START Material shown
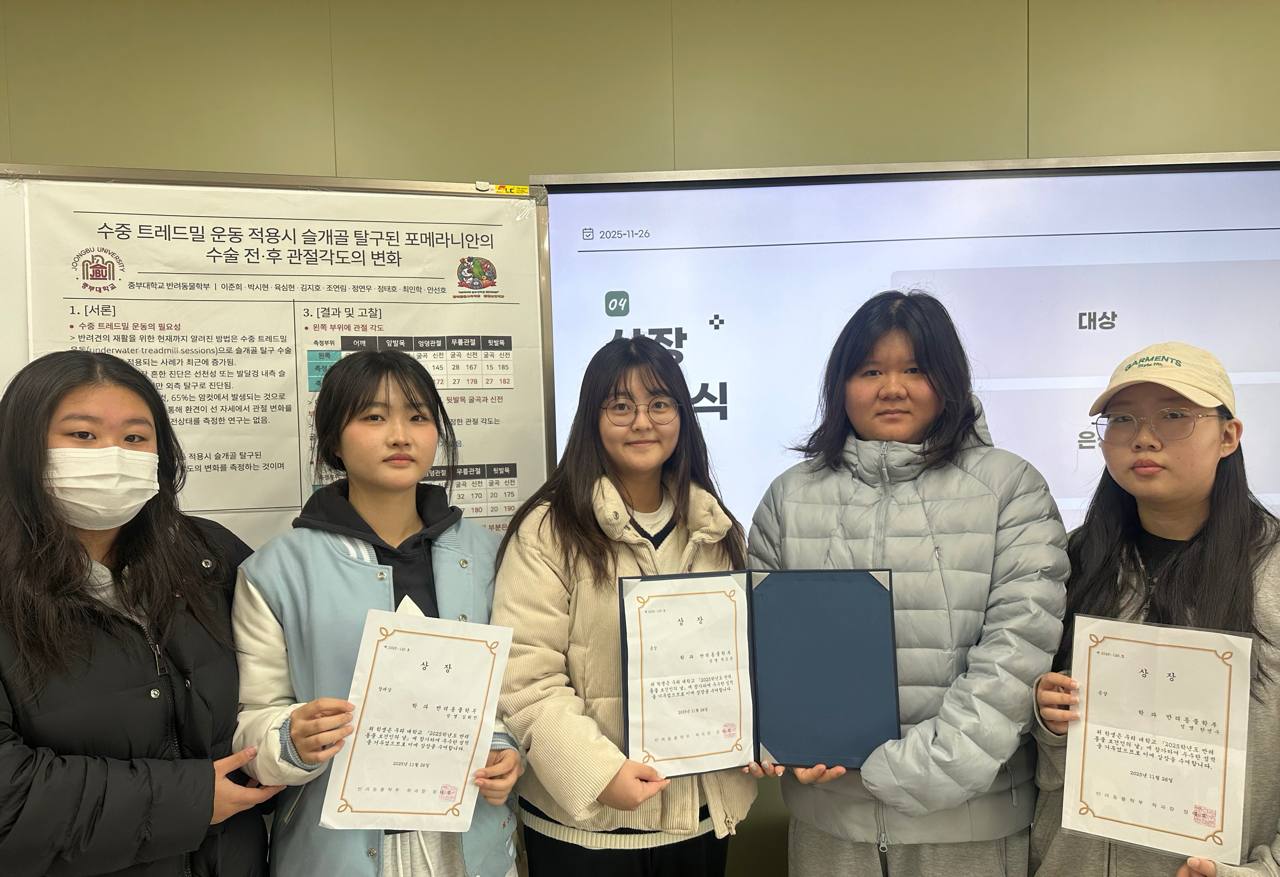 중부대학교(총장 이정열) 반려동물사육학전공•동물 보건학과는 지난 26일 ‘반려동물 보건인의 날’을 맞아 학부 학술제를 개최했다고 밝혔다. 이번 학술제는 교과목과 연계한 학생들의 연구 활동과 학술 발표를 중심으로 진행됐으며, 한 해 동안 이어진 지역사회 연계 봉사 프로그램 성과도 함께 공유하는 자리였다.
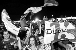 | ←10月31日,在巴西首都巴西利亚,支持者庆祝迪尔玛·罗塞夫当选总统。→ |
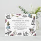 Vintage Alice no Convite de festas do Tea de Wonderland com listras brancas no verso. Personalize esta design alterando o texto, a cor do texto ou a cor do plano de fundo no sentido inverso.
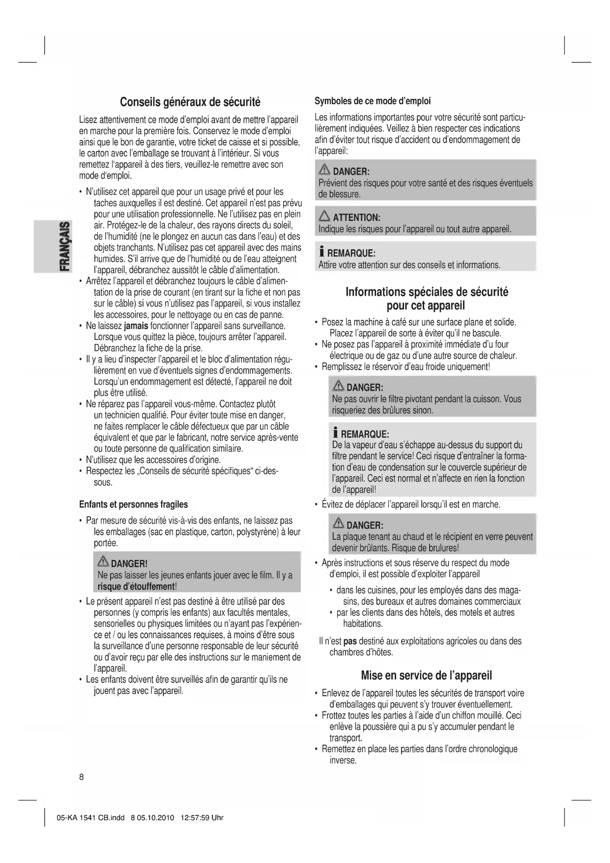 Modèle:.......................................................................KA 1541 CB Alimentation: ..............................................220-240 V ~ 50/60 Hz Consommation: ............................................................730-870 W Quantité de remplissage: ..............................................1,25 Litres Classe de protection: ................................................................... Ι Poids net: ..........................................................................1,25 kg 05-KA 1541 CB.indd 9 05.10.2010 12:57:59 Uhr10 fRANÇAIS Cet appareil a été contrôlé d’après toutes les directives euro- péennes actuelles applicables, comme par exemple concernant la compatibilité électromagnétique et la basse tension. Cet ap- pareil a été fabriqué en respect des réglementations techniques de sécurité les plus récentes. Sous réserve de modications techniques. Signication du symbole „Elimination“ Protégez votre environnement, ne jetez pas vos appareils électriques avec les ordures ménagères. Utilisez, pour l’élimination de vos appareils électriques, les bornes de collecte prévues à cet effet où vous pouvez vous débarrasser des appareils que vous n’utilisez plus. Vous contribuez ainsi à éviter les impacts potentiels dans l’envi- ronnement et sur la santé de chacun, causés par une mauvaise élimination de ces déchets. Vous contribuez aussi au recyclage sous toutes ses formes des appareils électriques et électroniques usagés. Vous trouverez toutes les informations sur les bornes d’élimina- tion des appareils auprès de votre commune ou de l’administra- tion de votre communauté. 05-KA 1541 CB.indd 10 05.10.2010 12:57:59 Uhr11
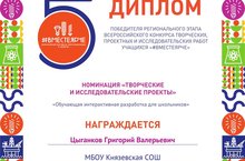 «#ВМЕСТЯРЧЕ» «Мәктәп укучылары өчен интерактив эшләнмә»Бөтенроссия укучыларның иҗади, проект һәм тикшеренү эшләре конкурсының региональ этабында Кнәз мәктәбе укучысы Цыганков Григорий «Иҗади һәм тикшеренү проектлары» номинациясендә җиңүче булды. Григорий һәм җитәкче Л.М. Ерхованы җиңүләре белән котлыйбыз!
END Material shown
An exact printout of the entries is wanted, covering the first line through the line holding "Vintage Alice no", with pictures kept out of it.

Written answer:
 중부대학교(총장 이정열) 반려동물사육학전공•동물 보건학과는 지난 26일 ‘반려동물 보건인의 날’을 맞아 학부 학술제를 개최했다고 밝혔다. 이번 학술제는 교과목과 연계한 학생들의 연구 활동과 학술 발표를 중심으로 진행됐으며, 한 해 동안 이어진 지역사회 연계 봉사 프로그램 성과도 함께 공유하는 자리였다.
 | ←10月31日,在巴西首都巴西利亚,支持者庆祝迪尔玛·罗塞夫当选总统。→ |
 Vintage Alice no Convite de festas do Tea de Wonderland com listras brancas no verso. Personalize esta design alterando o texto, a cor do texto ou a cor do plano de fundo no sentido inverso.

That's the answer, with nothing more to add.